I just want to scream on top of my lungs right now.
I've lost ppl! People I considered true friends, and even sisters. Even when we do go back to being cool..it's just not the same but always hoping to get back the way we were.
I really believe I'm one of those types that isn't lucky with ppl, I don't believe I'm those types where I have a friend and know for a while and never had to cut or for them to cut me out their life..even if we do back to being cool ..it's just different.
I never said I'm perfect, I never play the victim-why should I? If I fuck-up believe me I'll feel like I need to contact whoever and talk things out and apologize-fuck it! But I didn't do shit! I didn't fuck up!

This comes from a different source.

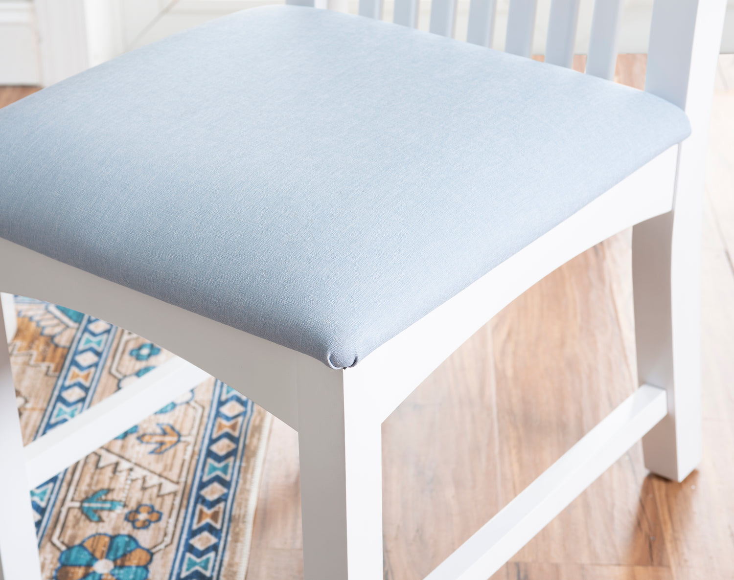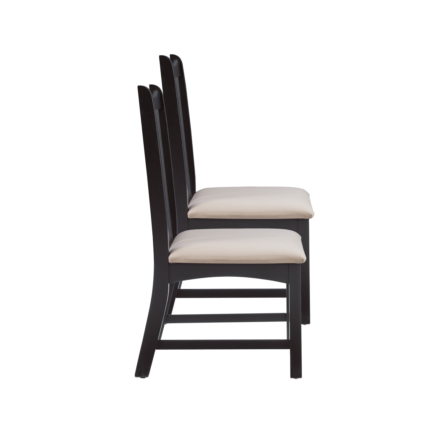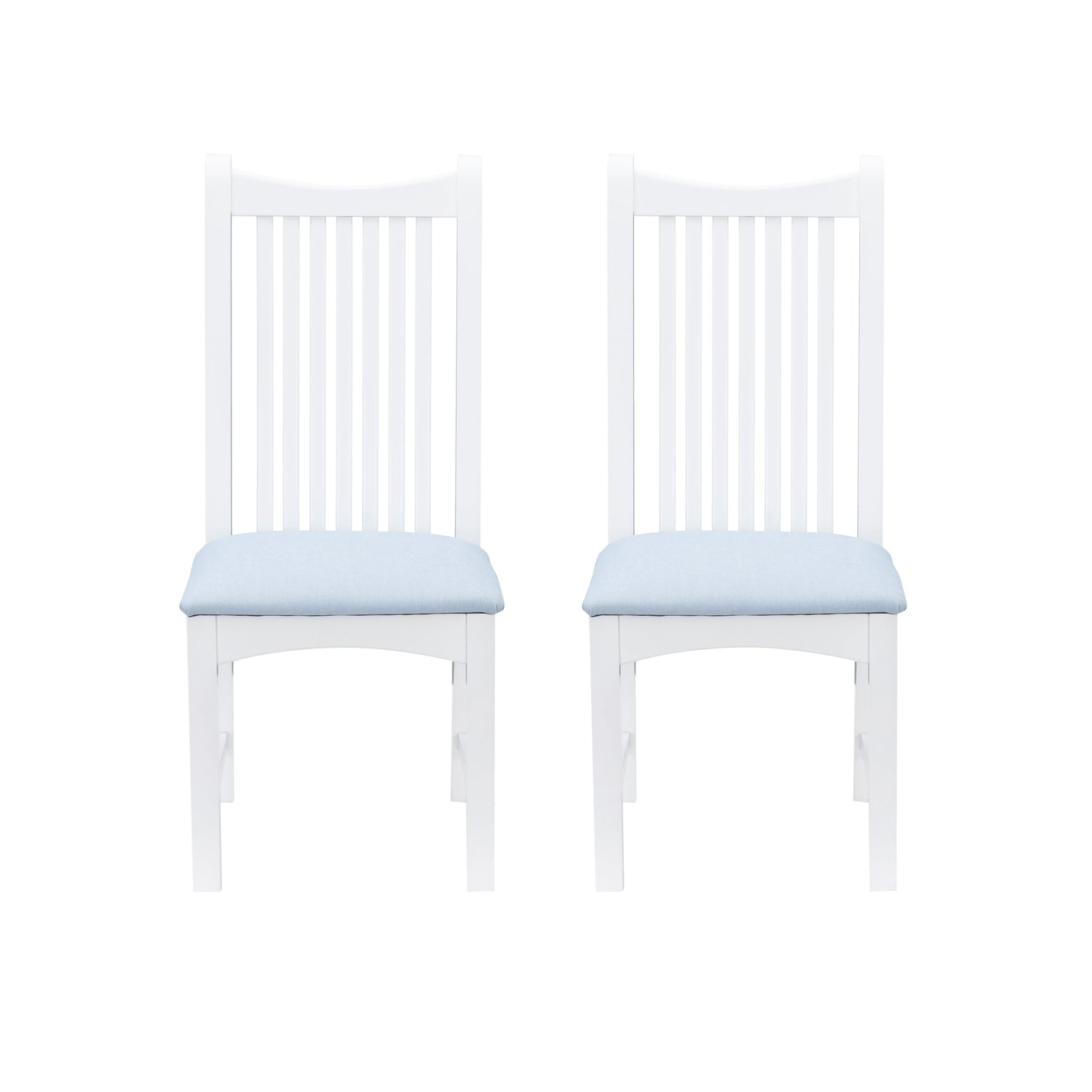 This set of two traditional dining chairs brings an understated and low key touch to your dining room or eat in kitchen. These chairs are made from solid beechwood and feature an extra tall openwork slatted back for just the right amount of classic appeal. Four sturdy square legs help these chairs support up to 300 lbs., Each conforming to commercial grade standards. Available in a deep black finish and light grey faux leather upholstered seat, or white with light blue faux leather allow these chairs to blend in with neutral and earthy color palettes alike.

I was not the one that assumed shit about ppl and automatically delete out their life-not me! I make sure I have good reasons, where they truly deserved it.
I am hurt to the point I'm still numb, my eyes, heart, body and head hurts. My nose was bleeding earlier! I've been cramping..I'm just a fucking emotional wreck and it's not cool! Everyone wants to take other ppls side when they're not even trying to understand what really happened or maybe they're not trying to understand or even care what happened...OUCH! But again I've been accused of lying and was told I am "dramatic" smh! Me dramatic? Are you kidding me? This must be some kind of a fucking joke cause I don't play with my feelings or have to lie about anything. Now there goes another blow!
You chose to get rid of me as a friend because of something so petty? Hey your wish is well respected. I'm not the one and can't be the one to beg for friendship...I can't anymore..I am emotionally, mentally drained. I don't have the strength for that-I'm sorry!
I can't! *shrugs*
When ppl moved on and don't need your friendship anymore they try very hard to start something..hey you won! I give up!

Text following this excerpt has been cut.